Currently, this issue is the same as the open issue #159 in the rvest package, which causes issues where not all fields in a form have a type value. This buy may be fixed in a future release.

However, we can work around the issue by monkey patching the underlying function rvest:::submit_request.

The core problem is the helper function is_submit. Initially, it's defined like this:

is_submit <- function(x) tolower(x$type) %in% c("submit", 
        "image", "button")

As logical as this is, however, it fails in two scenarios:

  1. There is no type element.
  2. The type element is NULL.

Both of these happen to occur on the United login form. We can resolve this by adding two checks inside the function.

custom.submit_request <- function (form, submit = NULL) 
{
  is_submit <- function(x) {
    if (!exists("type", x) | is.null(x$type)){
      return(F);
    }
    tolower(x$type) %in% c("submit", "image", "button")
  } 
  submits <- Filter(is_submit, form$fields)
  if (length(submits) == 0) {
    stop("Could not find possible submission target.", call. = FALSE)
  }
  if (is.null(submit)) {
    submit <- names(submits)[[1]]
    message("Submitting with '", submit, "'")
  }
  if (!(submit %in% names(submits))) {
    stop("Unknown submission name '", submit, "'.\n", "Possible values: ", 
         paste0(names(submits), collapse = ", "), call. = FALSE)
  }
  other_submits <- setdiff(names(submits), submit)
  method <- form$method
  if (!(method %in% c("POST", "GET"))) {
    warning("Invalid method (", method, "), defaulting to GET", 
            call. = FALSE)
    method <- "GET"
  }
  url <- form$url
  fields <- form$fields
  fields <- Filter(function(x) length(x$value) > 0, fields)
  fields <- fields[setdiff(names(fields), other_submits)]
  values <- pluck(fields, "value")
  names(values) <- names(fields)
  list(method = method, encode = form$enctype, url = url, values = values)
}

To monkey patch, we need to use the R.utils package (install via install.packages("R.utils") if you don't have it).

library(R.utils)

reassignInPackage("submit_request", "rvest", custom.submit_request)

From there, we can issue our own request.

account <- account %>% 
     submit_form(login, "ctl00$ContentInfo$SignInSecure")

And that works!

(Well, "works" is a misnomer. Due to United employing more aggressive authentication requirements -- including known browsers -- this results in a 301 Unauthorized. However, it fixes the error).

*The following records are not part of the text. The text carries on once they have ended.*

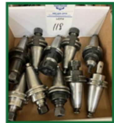
Dozens of Cat 40 Toolholders Availalbe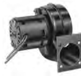
FIG. H A151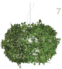
7 Orland-big pendant lamp

material | steel, aluminum, glass artificial green (polyester, polyethylene) shade size | ø380, H280 bulb | E-27 100watt max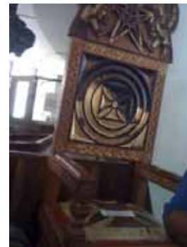
The last British Governor's chair which Ghana's first President, Dr. Kwame Nkrumah also used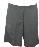
SHORTS Approved Design Only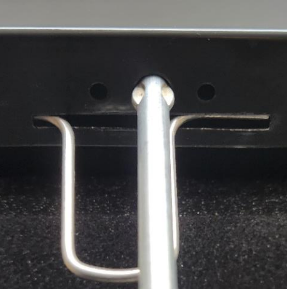
14. Insert door stay into hole in underside of lid to hold open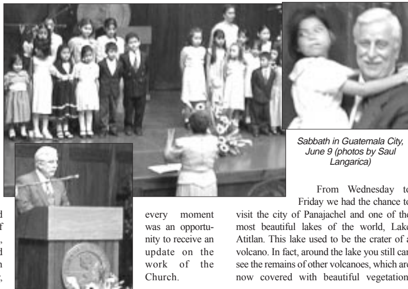
Sabbath in Guatemala City, June 9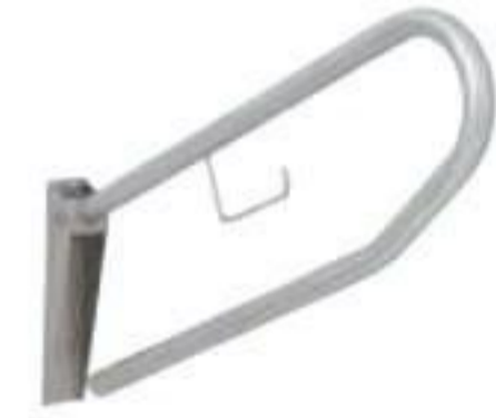
YIBTECH BEH 75

Gab Bar 304/4N Satin finish, stainless steel. Dim.: Ø32x750mm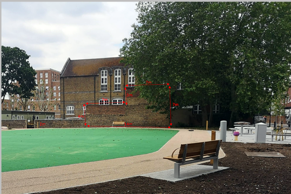
Bollo Brook Park – Berrymede Junior School walls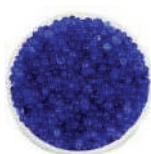
Blue Silica Gel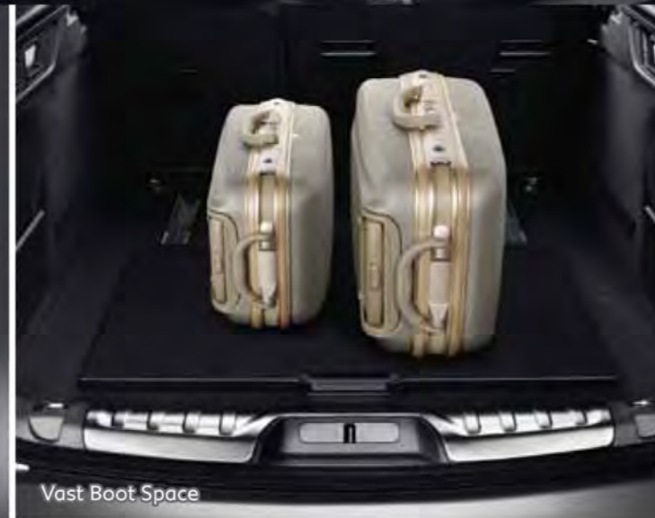
Vast Boot Space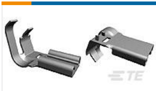
TE Part #141352-3 FASTON 110 FLAG 0.3-0.8MM BR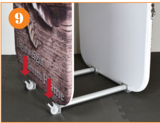
9. Connect the base of the panels using the 2 bottom poles.

A full reproducible example involved a couple of other minor code changes:

library(magrittr)
library(rvest)

url <- "https://www.united.com/web/en-US/apps/account/account.aspx"
account <- html_session(url)
login <- account %>%
  html_nodes("form") %>%
  extract2(1) %>%
  html_form() %>%
  set_values(
    `ctl00$ContentInfo$SignIn$onepass$txtField` = "USER",
    `ctl00$ContentInfo$SignIn$password$txtPassword` = "PASS")
account <- account %>% 
  submit_form(login, "ctl00$ContentInfo$SignInSecure")